State and federal responses might include translating CDC, CMS, and states’ recommendations and guidance for nursing homes into practice in assisted living facilities given the different model and skill level of assisted living staff members; allowing temporary, emergency funding for assisted living communities to both keep residents and staff safe and to prevent massive hospitalizations and associated health care expenditures; and ramping up testing for assisted living residents and staff.

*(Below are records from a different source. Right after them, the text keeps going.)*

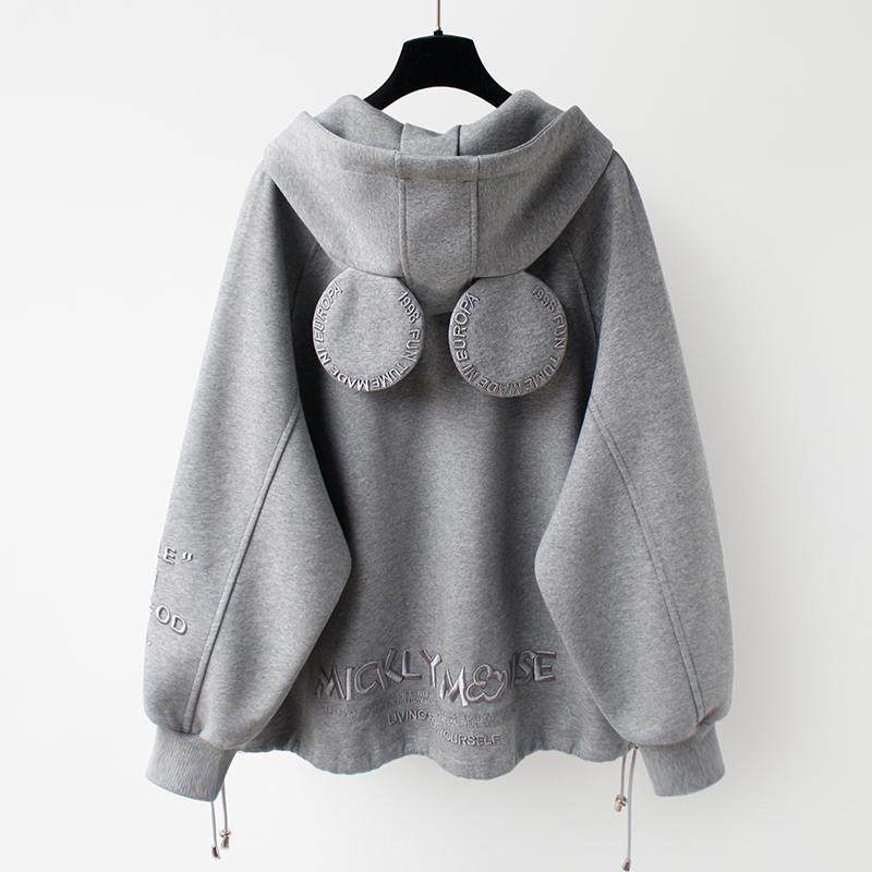 大码冬装新款简约运动风连帽拉链卫衣女宽松外套大码加绒加厚外套
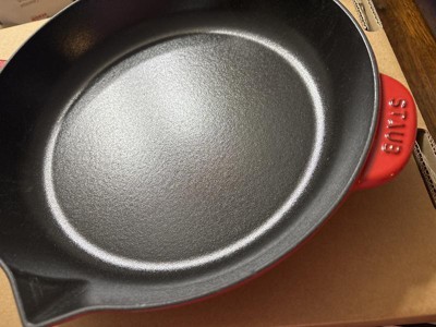 STAUB fry pans are perfect for prepping meals every day of the week. Optimized for high heat cooking, this 10-inch pan is ideal for searing meat, frying bacon, and caramelizing carrots. The enameled cast iron interior has exceptional heat-retention qualities, so the pan heats evenly throughout and the side pouring spouts offer easy grease removal. When it’s time to serve, you can bring this attractive pan straight to the table.Rooted in French culinary heritage, STAUB cookware is beloved by professional and home chefs for its exquisite craftsmanship, exceptional performance, and timeless beauty. Each piece of STAUB cookware effortlessly and elegantly transitions from the oven to the table - you can cook and serve in the same dish. These heirloom pieces can be lovingly passed from generation to generation.
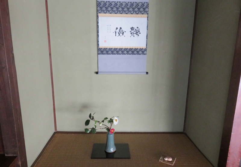 今回は東松山茶華道連盟 初代会長 澤田宗俊先生を偲び、先々代宗通家元筆の軸、真葛焼の水指等、澤田先生から受け継いだお道具類、そして茶杓は先代宗圓家元作 「一箭」 、清晨庵製の菓子 「桃花」 でおもてなし致しました。

Although some states and individual assisted living communities have made strides to improve infection prevention and control, without a national effort supported by federal and state initiatives we risk serious outbreaks for vulnerable older adults.
Kali S. Thomas, Ph.D., is an associate professor of health services, policy and practice at the Brown University School of Public Health in Providence, R.I., and an investigator in the Center of Innovation in Long-term Services and Supports at the Providence VA Medical Center. Paula Carder, Ph.D., is the director of the Institute on Aging and professor of community health and health promotion at the OHSU-PSU School of Public Health in Portland, Ore. David C. Grabowski, Ph.D., is professor of health care policy at Harvard Medical School in Boston.